There is a serious problem in the industry for prescription drugs. Between the insurance and patient level are large Pharmacy Benefit Managers (PBMs). These big time players determine what drugs are actually covered on a patient’s insurance plan. PBMs sit in the middle of drug manufacturers and patients, often driving up the price of prescriptions. The cost of a prescription fulfilled is not what patients pay. Pharmacies get reimbursed by insurance companies and PBMs, but PBMs are taking larger and larger percentages of the reimbursement due to pharmacies. Everyone on the chain of prescription drugs gets their fee. However, PBMs are now taking an unfair share. An example given by an “Impact Report” on PBMs stated that “From 2014 to 2018, the net price received by insulin manufacturers decreased by 31%, but at the same time, the share earned by PBMs increased by 155%” These PBMs are putting a strain on pharmacies on a large scale.

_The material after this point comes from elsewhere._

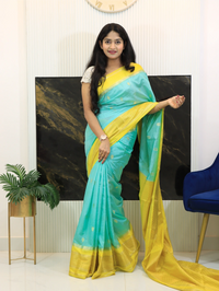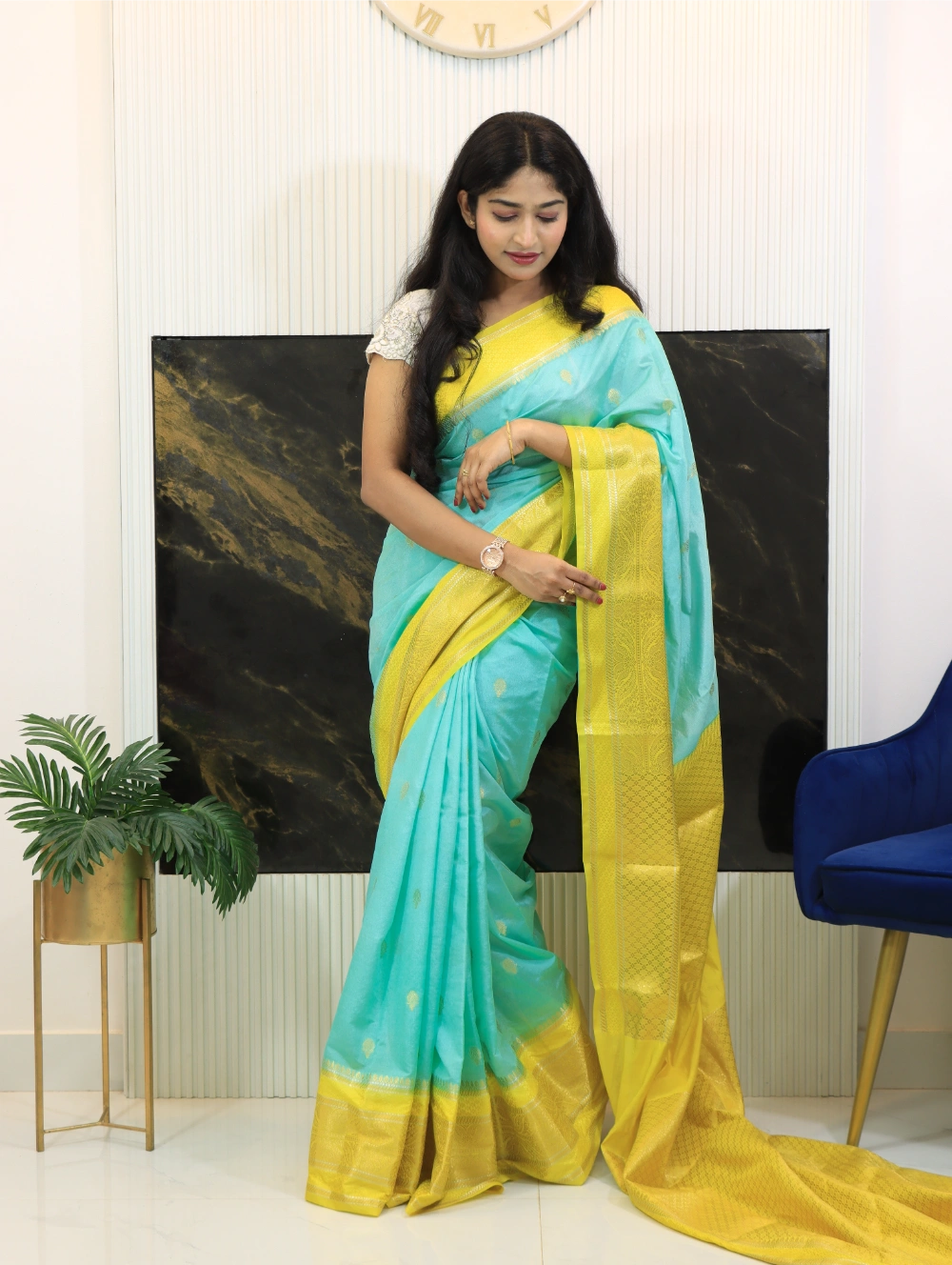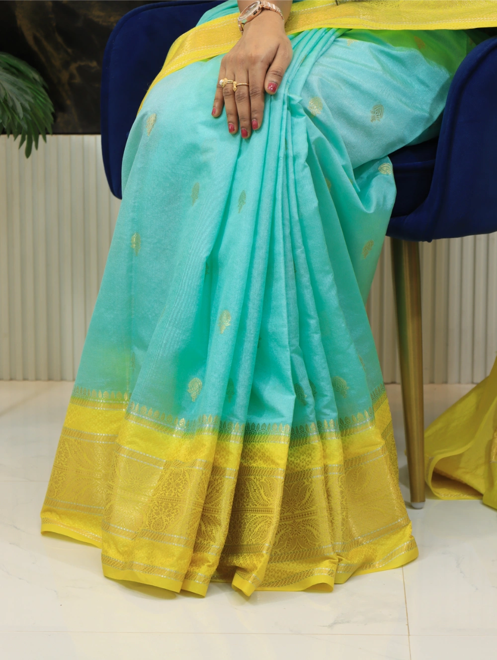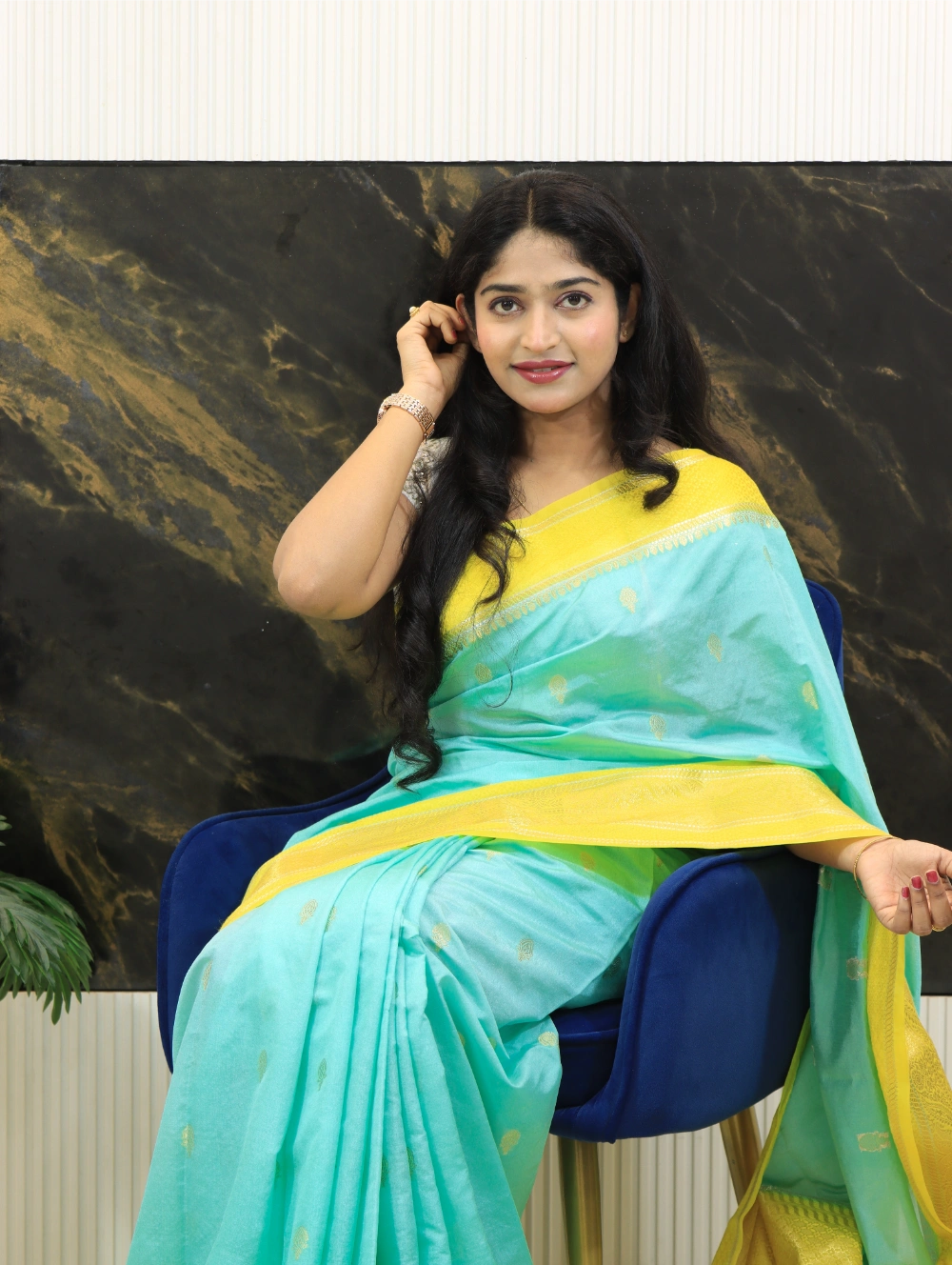The fancy contrast border showcases golden zari work with silver lining, inspired by the Grand Paithani border design, adding a regal touch to the drape. The rich jacquard pallu flows gracefully, while the matching brocade blouse piece completes the look with sophistication.

PBMs claim to help their members with promises such as coupons and rebates. However, PBMs are negotiating on prescriptions prices with the major manufacturers for the insurance companies. This has them making billions of dollars in annual profits. They are taking big money from the manufacturers for pushing their meds, and the so-called rebates are only being absorbed by the PBM, and not really being delivered to the patient as promised.
In the pharmacy market, PBMs are creating serious problems for the little guy. Smaller independent pharmacies are being strained by PBMs who are steering patients away to the larger chains. PBMs and insurance companies are trying to keep pharmacies quiet, and patients uninformed on other options for prescriptions. Some drugs from these PBMs are actually cheaper when paid out of pocket. This is a fact that they do not want you to know and is resulting in patients paying more in copayments. The PBMs are trying to force patients into their own pharmacies and affiliates rather than the smaller independent shops. Mail order pharmacies generated by PBMs too are cutting into the profitability of small-town pharmacies. Prior authorization processes imposed by Insurance and PBM are making it harder for patients to get the proper meds for treatment. PBMs are trying to dictate where and at what cost a patient can fulfill their prescription, and it is largely unethical.
Measures need to be made within the pharmaceutical industry to prevent PBMs from taking the lion share of prescription drug costs, while promising unrealistic savings. Independent pharmacies are suffering, while the PBMs hide behind a lack of transparency.